O kadar ki, Sadettin Çay denilen vatandaş yapmış olduğumuz habere ilişkin bize bir tekzip göndermiş. Gönderdiği tekzipte, haber kanalıyla ortaya koymuş olduğumuz etik dışı menfaat teminine yönelik tek bir kelime etmezken, bizimle sinir harbi yapabilmek için ciddi bir çaba göstermiş. Örneğin ortaya koymuş olduğumuz gerçekleri, ‘sözde haber’ diye tanımlayarak ruhuyla yapmış olduğu savaşı itiraf ederken, haberin her hangi somut bir bilgi ve belgeye dayanmadığını söyleyerek, itibarsızlaştırma operasyonu çekmiş. Haberin kaynağına ilişkin hiçbir açıklama yapılmamış olması da ifadelerin asılsız olduğunu gösteriyormuş. Sadettin Çay bir şey daha yapmış, bize Kızılay’ın faaliyetlerini anlatmış.

Yapmış olduğu yasa dışı kafeteryasından hiç söz etmezken, Kızılay üzerinden para kazanmadım da, kazandırmadım da dememiş. Ortaya koyduğumuz gerçeklere ilişkin tek kelime etmemiş…  

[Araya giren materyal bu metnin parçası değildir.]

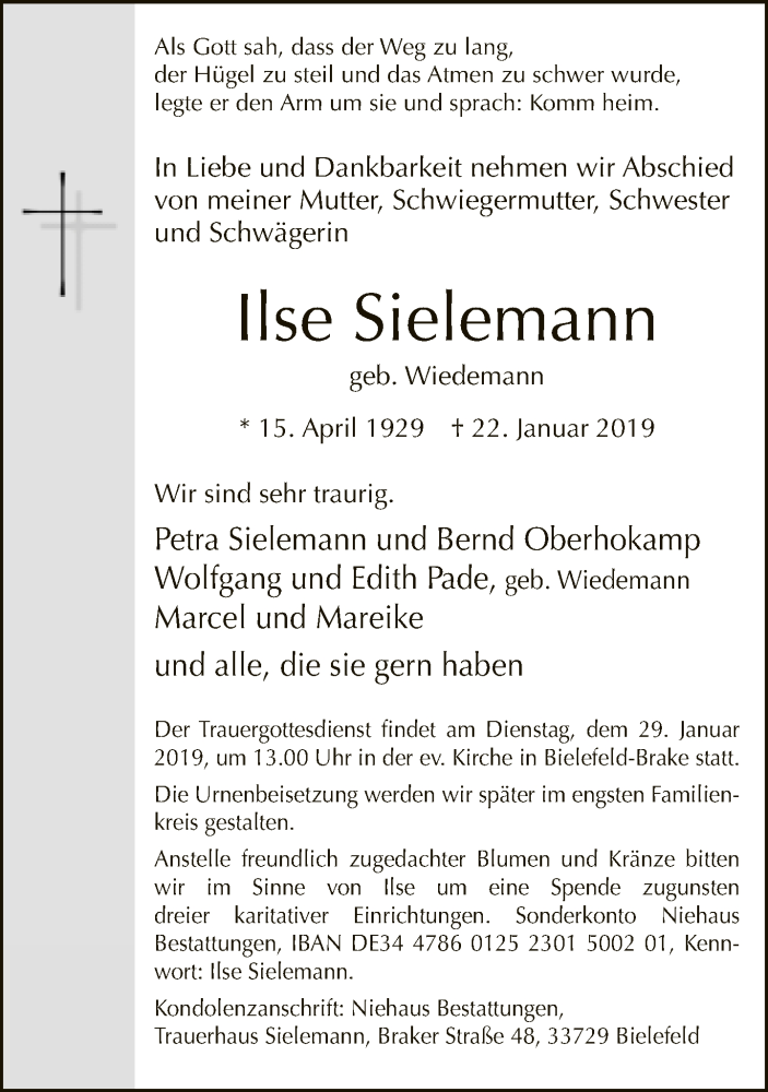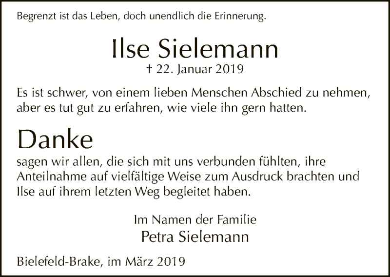 Hier finden Sie alle Traueranzeigen aus der Zeitung, die bisher für Ilse Sielemann erschienen sind. Weitere Traueranzeigen, die in der Zeitung erscheinen, werden hier ebenfalls aufgelistet

Eyvallah tabii ki bir yanlışlık, biz zan varsa muhatabı kendini savunma ve tekzip yayınlatma hakkına sahiptir. Ama tekzip hakkı, algı operasyonu yapmak değildir. Sadettin Çay bence tekzip hakkını israf ettiği gibi haberimizi bir nevi doğrulamıştır. Çünkü haberde konu ettiğimiz, Beykoz Kızılay Şubesi üzerinden yürüttüğü ticari faaliyetlerine ilişkin hiçbir yalanlama yapmamış. Adet yerini bulsun diye tekzip göndermiş. Ayrıca bizim ona karşı husumetimiz olduğu iddiasında bulunmuş…

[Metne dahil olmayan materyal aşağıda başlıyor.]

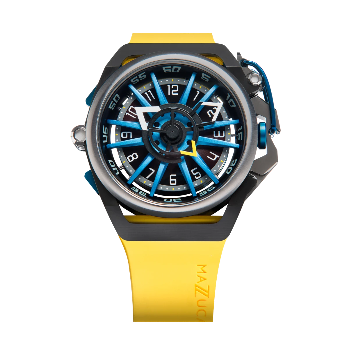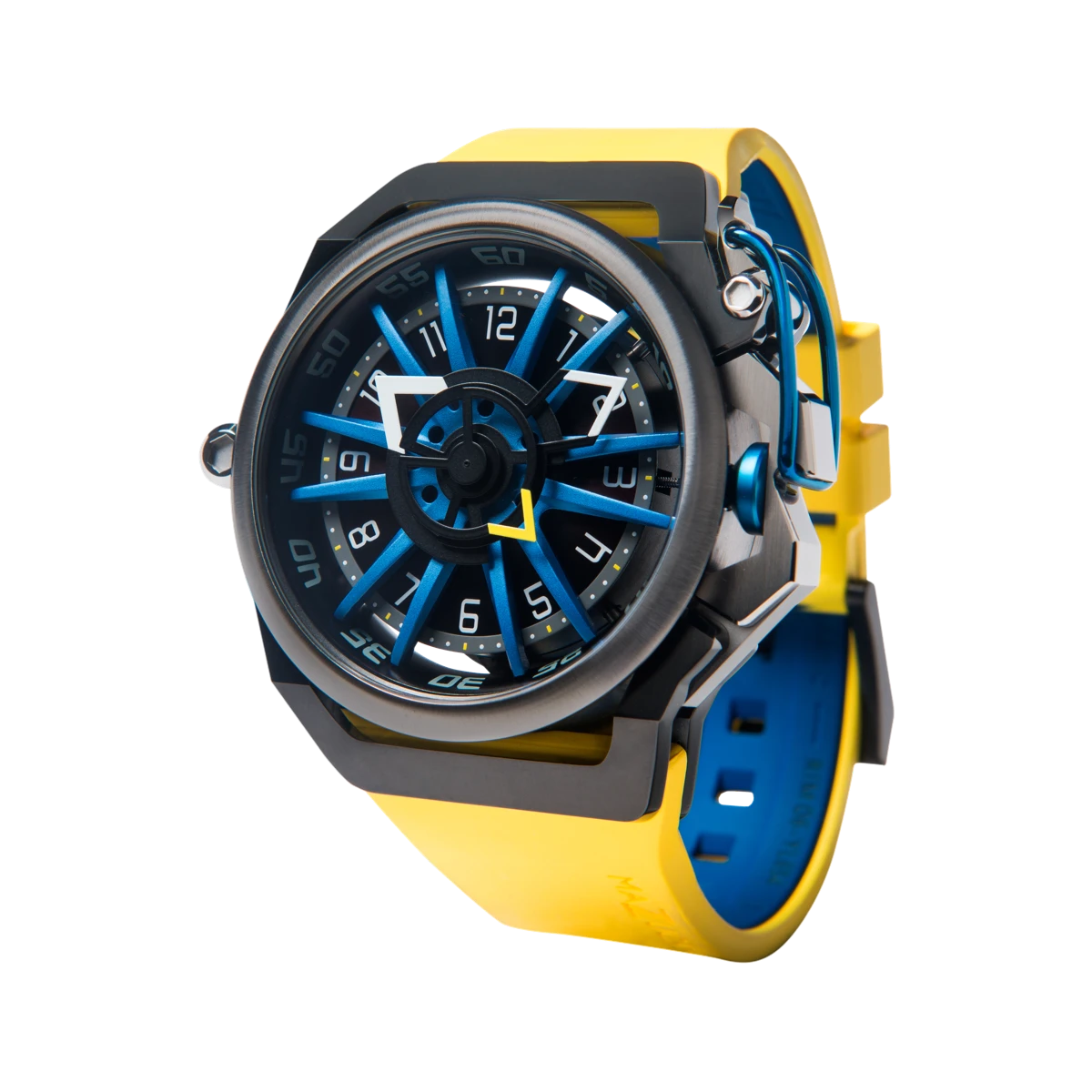 El sistema inverso permite que la caja se invierta completamente en ambas direcciones. Un pestillo de liberación rápida libera la corona de su protección al girar el protector de corona. Dos brazos especiales permiten que el estuche gire libremente y un clic claramente reconocible le indica cuándo el estuche está en la posición correcta para volver a bloquearse en su lugar. Una simple maniobra transforma el RIM Sport en un reloj cronógrafo elegante y deportivo.

Niye ki, Sadettin Çay, sen bize ne yaptın ki, seninle niye husumetimiz olsun? Sen bizim şahsımıza değil, AK Partiye ve Beykoz halkına büyük kötülük ettin…

Benim Sadettin Çay ile hiçbir husumetim yok. Benim husumetim Sadettin Çay’ın menfaate dönüştürmeyi çok iyi becerdiği sistemle. Benim husumetim, AK Partiyi rant partisi haline getirenlerle… 

Bu benim en yakın dostumda olsa böyle, Sadettin Çay’da olsa böyle… Biz AK Partiyi kurarken, çok umutlanmıştık. Elbette ki, umutlarımızı çalanlardan, umutlarımızı çalanları görmezlikten gelenlerden hesap sorabilmeliyiz.

Aksi takdirde her şey anlamını yitirir! Öyle değil mi?